_DATASET:_
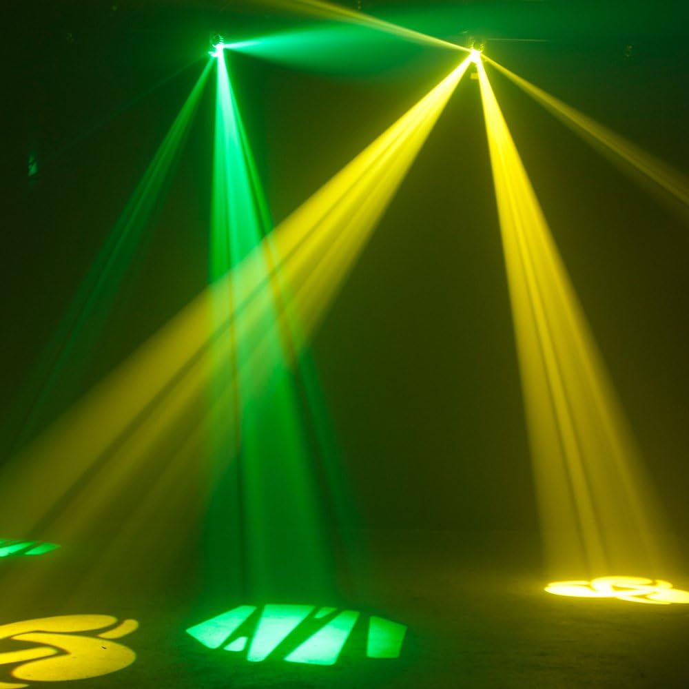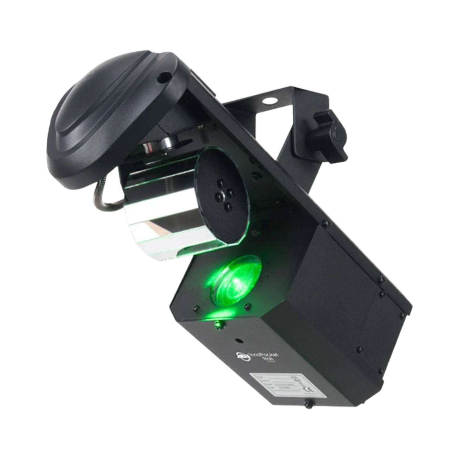 - Two mirrored barrel scanners that create sweeping and bouncing light effects with precise X and Y micro stepping motors
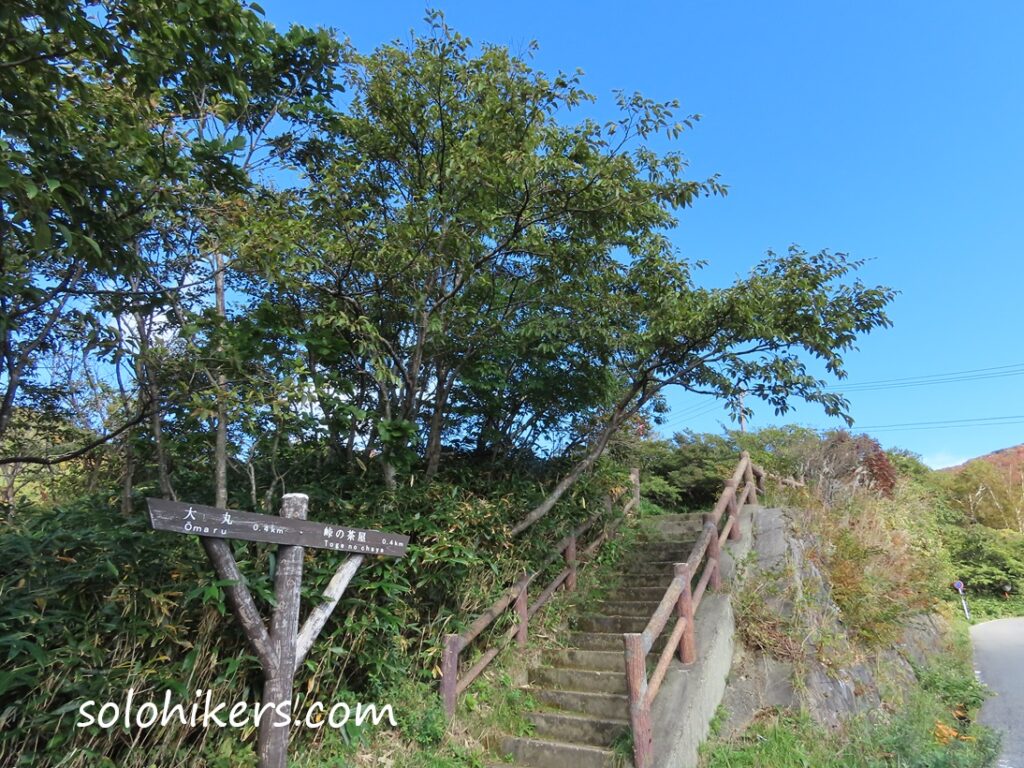 駐車場を出たらこの階段を上がり峰の茶屋方面へ。
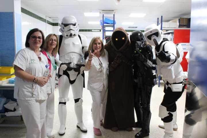 Los niños y niñas ingresados en el Hospital Comarcal de la Axarquía, perteneciente al Área Sanitaria Este de Málaga-Axarquía, recibieron la visita de unos cuantos personajes de la saga cinematográfica La Guerra de las Galaxias (Star Wars). Esta iniciativa forma parte del Plan Integral al Niño Hospitalizado, que tiene como fin hacer que la estancia de los pacientes infantiles y de sus familiares resulte lo más grata posible.
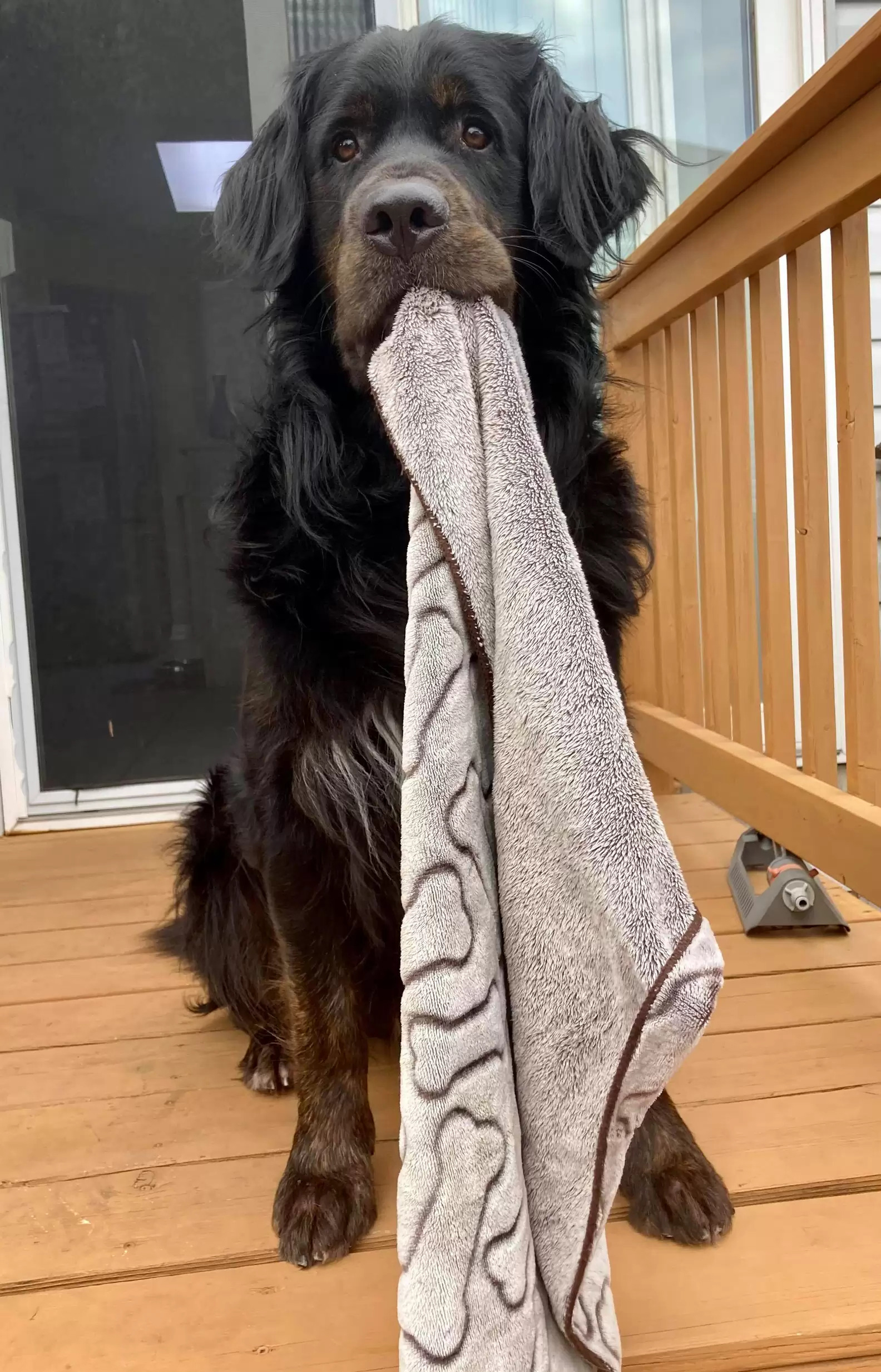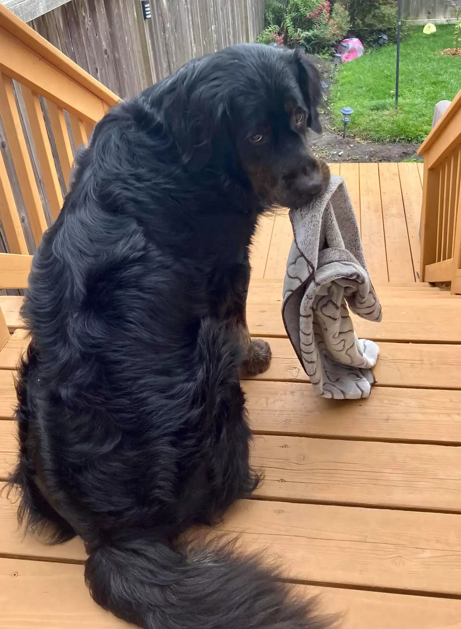▼每天早上Flynn起床後,做的第一件事就是叼著小毛毯到院子裡散步、看風景。Shauna見愛犬這麼喜歡這條小毛毯,就去商店多買了幾條,準備拿來換洗、備用。
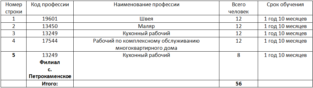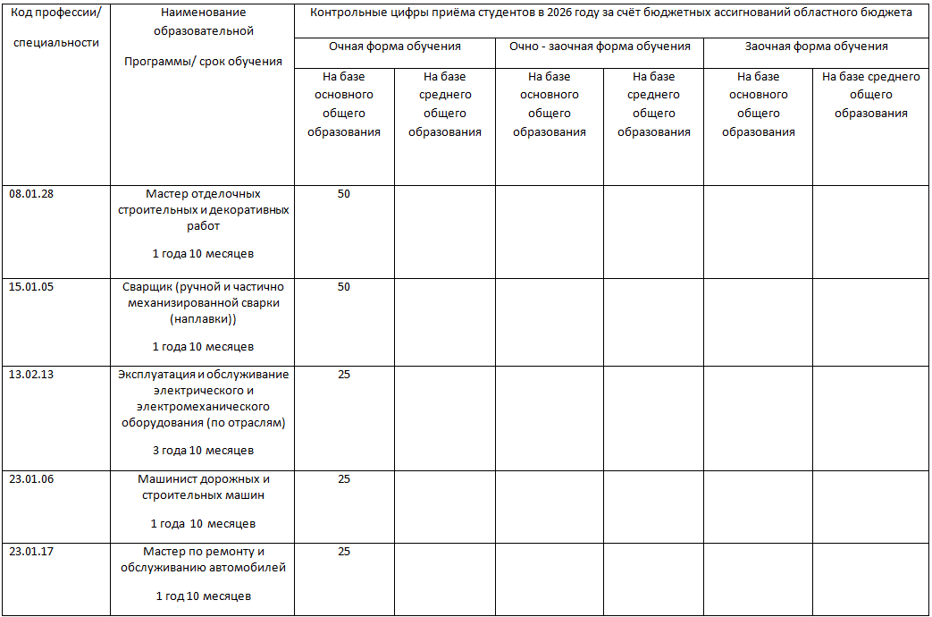 Контрольные цифры приёма по адаптированным программам профессионального обучения по профессиям рабочих, должностям служащих за счёт бюджетных ассигнований областного бюджета на 2026/2027 учебный год
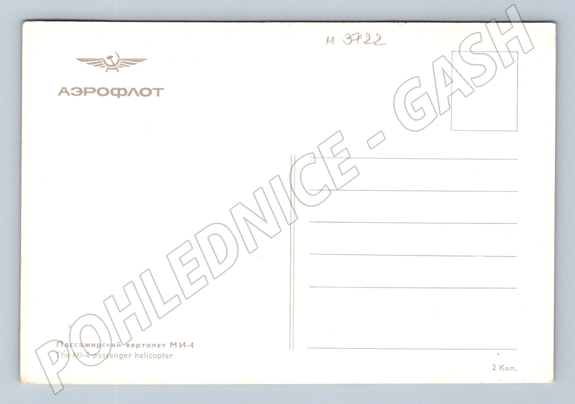Pohlednice Aeroflot – vrtulník Mi-4 (M3922)

_TASK OBJECTIVE:_ Return the listing above in full and exactly, omitting all pictures.

_RESPONSE TO THE TASK:_
 - Two mirrored barrel scanners that create sweeping and bouncing light effects with precise X and Y micro stepping motors
 駐車場を出たらこの階段を上がり峰の茶屋方面へ。
 Los niños y niñas ingresados en el Hospital Comarcal de la Axarquía, perteneciente al Área Sanitaria Este de Málaga-Axarquía, recibieron la visita de unos cuantos personajes de la saga cinematográfica La Guerra de las Galaxias (Star Wars). Esta iniciativa forma parte del Plan Integral al Niño Hospitalizado, que tiene como fin hacer que la estancia de los pacientes infantiles y de sus familiares resulte lo más grata posible.
▼每天早上Flynn起床後,做的第一件事就是叼著小毛毯到院子裡散步、看風景。Shauna見愛犬這麼喜歡這條小毛毯,就去商店多買了幾條,準備拿來換洗、備用。
 Контрольные цифры приёма по адаптированным программам профессионального обучения по профессиям рабочих, должностям служащих за счёт бюджетных ассигнований областного бюджета на 2026/2027 учебный год
Pohlednice Aeroflot – vrtulník Mi-4 (M3922)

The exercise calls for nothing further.